Stored data entries:
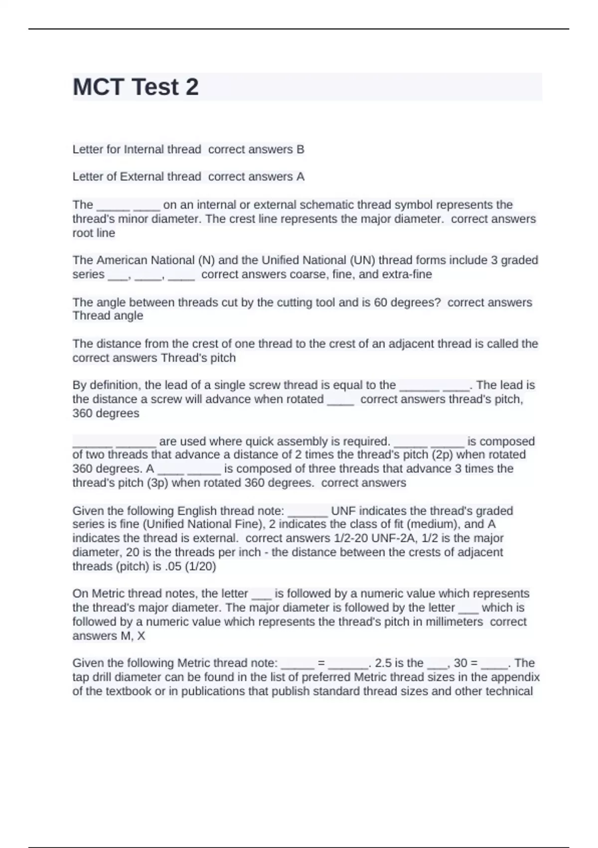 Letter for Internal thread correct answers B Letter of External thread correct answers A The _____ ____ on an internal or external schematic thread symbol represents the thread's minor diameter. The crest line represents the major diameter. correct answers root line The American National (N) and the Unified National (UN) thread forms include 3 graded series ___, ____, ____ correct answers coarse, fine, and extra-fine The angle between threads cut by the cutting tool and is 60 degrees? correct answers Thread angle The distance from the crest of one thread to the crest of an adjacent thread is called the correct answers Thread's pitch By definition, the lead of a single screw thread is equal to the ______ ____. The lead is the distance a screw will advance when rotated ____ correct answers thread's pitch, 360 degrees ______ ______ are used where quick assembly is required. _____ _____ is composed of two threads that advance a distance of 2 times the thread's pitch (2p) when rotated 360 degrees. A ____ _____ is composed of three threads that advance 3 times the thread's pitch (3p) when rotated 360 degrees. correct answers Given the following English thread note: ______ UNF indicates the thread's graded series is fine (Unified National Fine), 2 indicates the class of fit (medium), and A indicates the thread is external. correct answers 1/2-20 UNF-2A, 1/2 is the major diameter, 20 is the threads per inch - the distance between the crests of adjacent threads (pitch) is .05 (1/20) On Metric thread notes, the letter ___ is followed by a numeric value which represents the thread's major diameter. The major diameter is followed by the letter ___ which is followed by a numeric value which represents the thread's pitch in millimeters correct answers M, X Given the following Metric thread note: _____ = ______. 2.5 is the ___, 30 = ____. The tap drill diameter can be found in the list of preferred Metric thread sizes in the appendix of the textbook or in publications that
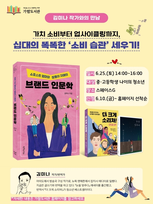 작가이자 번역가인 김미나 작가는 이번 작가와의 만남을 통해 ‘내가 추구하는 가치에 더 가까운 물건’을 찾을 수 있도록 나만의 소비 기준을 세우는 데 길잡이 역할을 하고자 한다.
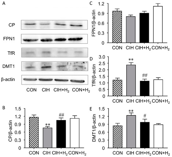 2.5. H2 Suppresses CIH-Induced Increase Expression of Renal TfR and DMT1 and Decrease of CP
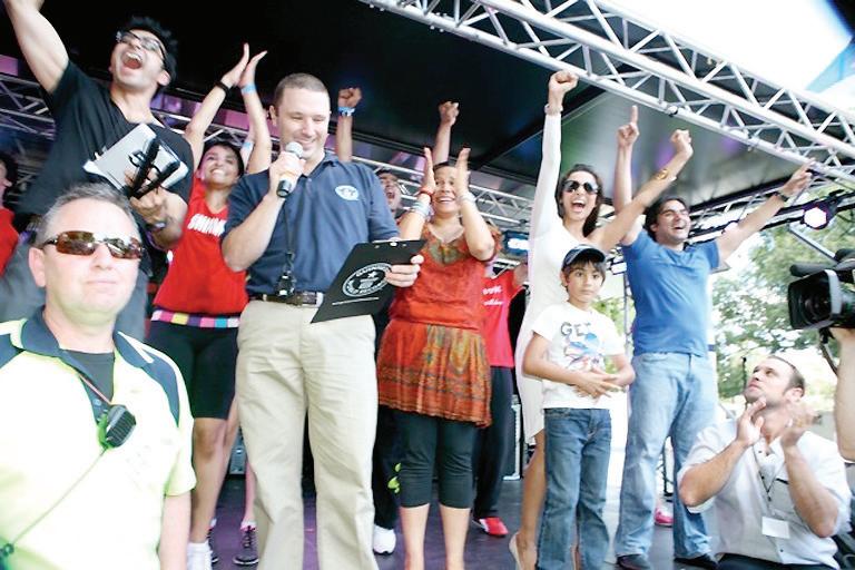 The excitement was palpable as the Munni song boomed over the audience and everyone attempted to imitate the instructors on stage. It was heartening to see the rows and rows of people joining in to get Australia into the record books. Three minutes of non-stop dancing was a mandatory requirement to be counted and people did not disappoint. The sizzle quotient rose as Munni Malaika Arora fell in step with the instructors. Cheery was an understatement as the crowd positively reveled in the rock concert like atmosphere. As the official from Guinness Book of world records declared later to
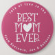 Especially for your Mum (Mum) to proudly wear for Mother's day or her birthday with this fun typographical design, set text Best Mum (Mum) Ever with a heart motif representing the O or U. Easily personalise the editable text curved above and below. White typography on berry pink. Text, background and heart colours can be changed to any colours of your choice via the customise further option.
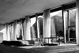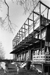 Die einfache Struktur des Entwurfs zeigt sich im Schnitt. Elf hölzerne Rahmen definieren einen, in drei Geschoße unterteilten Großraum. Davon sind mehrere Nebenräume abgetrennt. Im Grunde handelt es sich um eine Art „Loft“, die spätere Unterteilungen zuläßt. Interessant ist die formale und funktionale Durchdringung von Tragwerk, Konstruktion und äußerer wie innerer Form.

BRIEF: Write the data above out exactly. Leave out any pictures.

ANSWER FOR THIS EXERCISE:
 Letter for Internal thread correct answers B Letter of External thread correct answers A The _____ ____ on an internal or external schematic thread symbol represents the thread's minor diameter. The crest line represents the major diameter. correct answers root line The American National (N) and the Unified National (UN) thread forms include 3 graded series ___, ____, ____ correct answers coarse, fine, and extra-fine The angle between threads cut by the cutting tool and is 60 degrees? correct answers Thread angle The distance from the crest of one thread to the crest of an adjacent thread is called the correct answers Thread's pitch By definition, the lead of a single screw thread is equal to the ______ ____. The lead is the distance a screw will advance when rotated ____ correct answers thread's pitch, 360 degrees ______ ______ are used where quick assembly is required. _____ _____ is composed of two threads that advance a distance of 2 times the thread's pitch (2p) when rotated 360 degrees. A ____ _____ is composed of three threads that advance 3 times the thread's pitch (3p) when rotated 360 degrees. correct answers Given the following English thread note: ______ UNF indicates the thread's graded series is fine (Unified National Fine), 2 indicates the class of fit (medium), and A indicates the thread is external. correct answers 1/2-20 UNF-2A, 1/2 is the major diameter, 20 is the threads per inch - the distance between the crests of adjacent threads (pitch) is .05 (1/20) On Metric thread notes, the letter ___ is followed by a numeric value which represents the thread's major diameter. The major diameter is followed by the letter ___ which is followed by a numeric value which represents the thread's pitch in millimeters correct answers M, X Given the following Metric thread note: _____ = ______. 2.5 is the ___, 30 = ____. The tap drill diameter can be found in the list of preferred Metric thread sizes in the appendix of the textbook or in publications that
 작가이자 번역가인 김미나 작가는 이번 작가와의 만남을 통해 ‘내가 추구하는 가치에 더 가까운 물건’을 찾을 수 있도록 나만의 소비 기준을 세우는 데 길잡이 역할을 하고자 한다.
 2.5. H2 Suppresses CIH-Induced Increase Expression of Renal TfR and DMT1 and Decrease of CP
 The excitement was palpable as the Munni song boomed over the audience and everyone attempted to imitate the instructors on stage. It was heartening to see the rows and rows of people joining in to get Australia into the record books. Three minutes of non-stop dancing was a mandatory requirement to be counted and people did not disappoint. The sizzle quotient rose as Munni Malaika Arora fell in step with the instructors. Cheery was an understatement as the crowd positively reveled in the rock concert like atmosphere. As the official from Guinness Book of world records declared later to
 Especially for your Mum (Mum) to proudly wear for Mother's day or her birthday with this fun typographical design, set text Best Mum (Mum) Ever with a heart motif representing the O or U. Easily personalise the editable text curved above and below. White typography on berry pink. Text, background and heart colours can be changed to any colours of your choice via the customise further option.
 Die einfache Struktur des Entwurfs zeigt sich im Schnitt. Elf hölzerne Rahmen definieren einen, in drei Geschoße unterteilten Großraum. Davon sind mehrere Nebenräume abgetrennt. Im Grunde handelt es sich um eine Art „Loft“, die spätere Unterteilungen zuläßt. Interessant ist die formale und funktionale Durchdringung von Tragwerk, Konstruktion und äußerer wie innerer Form.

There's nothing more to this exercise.